Da ist die segensreiche Arbeit des Roten Halbmondes, der mit einer Ambulanz auf vier Rädern schwangere Frauen in den ländlichen Gebieten der Autonomiegebiete versorgt. –  Ich nehme sehr viele Bilder, sehr viele Anregungen aus  einer faszinierenden Reihe von Gesprächen und Begegnungen mit nach Hause.

Erinnern in Yad Vashem: BAGFW-Präsident Ulrich Lilie mit Bundesfamilienministerin Lisa Paus und Abraham Lehrer, dem Präsidenten der Zentralwohlfahrtsstelle der Juden in Deutschland. Foto: ZWST.

Erinnerung wachhalten

Ein besonderer Höhepunkt war unser gemeinsamer Besuch in Yad Vashem, der internationalen Gedenkstätte an die Menschheitsverbrechen des Holocausts. Hier hatten die Ministerin Pau und ich die Ehre, nach einer uns alle tief beeindruckenden und erschütternden Führung einen Kranz in der Gedenkhalle für die Opfer der Shoa niederzulegen und eine Rede zu halten.

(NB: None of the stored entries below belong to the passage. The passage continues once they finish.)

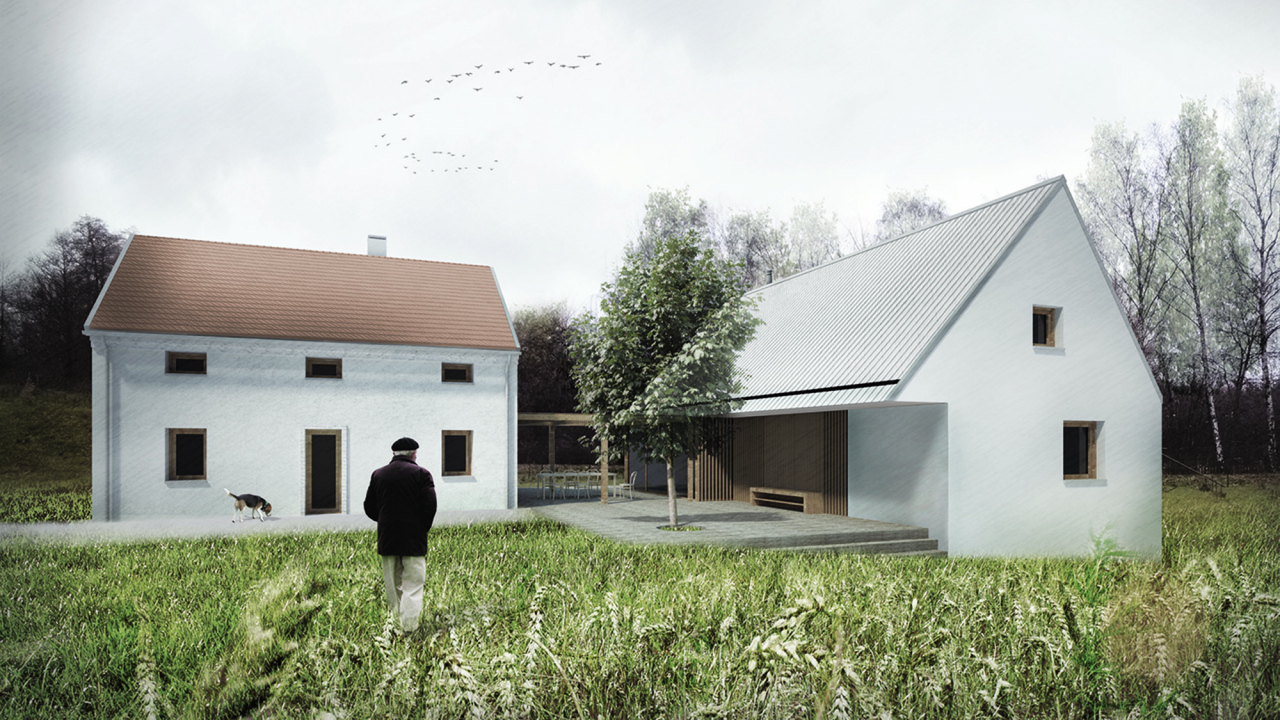 Nová výstavba, krček i rekonstruovaná část společně vytváří ve své výsledné podobě půdorysně objekt tvaru L. Jde o volnou inspiraci i odkaz na archetypální podobu venkovských usedlostí s jasně definovaným dvorem. Nový rodinný dům je navržen jako nízkoenergetický jednopodlažní s částečně využitelným podkrovím se sedlovou střechou. Jedná se o relativně malý prostor řešený na míru.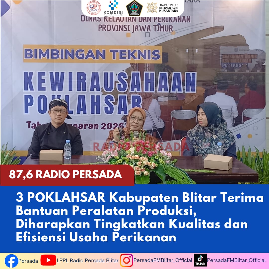 PersadaFM — Penguatan pelaku usaha perikanan di Kabupaten Blitar dilakukan melalui penyaluran bantuan peralatan produksi kepada kelompok pengolah dan pemasar (POKLAHSAR), Selasa (21/04/2026). Program ini difasilitasi oleh Dinas Kelautan dan Perikanan Provinsi Jawa Timur bersama Dinas Peternakan dan Perikanan Kabupaten Blitar.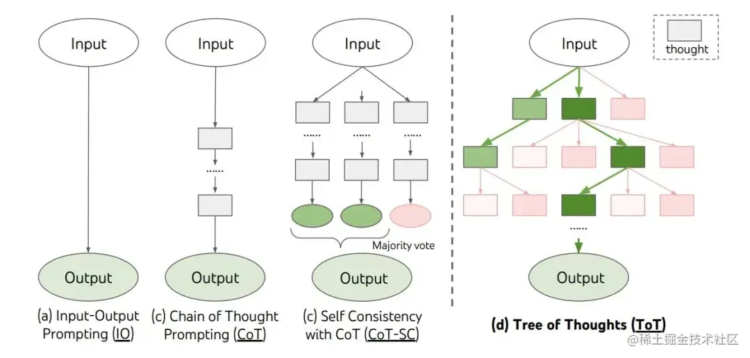ToT 将问题建模为树状搜索过程,包括四个步骤:问题分解、想法生成,状态评价以及搜索算法的选择。

Meine Rede können Sie hier nachlesen.

Beschämend

Noch am Abend dieses Besuches schickte mir Abraham Lehrer, der Präsident der Zentralwohlfahrtsstelle der Juden in Deutschland, im Hotel kommentarlos die Nachricht über einen antisemitischen Angriff auf einen Rabbi und seinen Sohn in der Berliner S-Bahn am gleichen Tag.  Es ist unerträglich und beschämend, dass ausgerechnet in Deutschland solche schrecklichen Gewalttaten wieder möglich sind

Unser aller entschiedenes Eintreten gegen jede Form von Antisemitismus und gruppenbezogene Menschenfeindlichkeit bleibt unsere vornehmste Pflicht.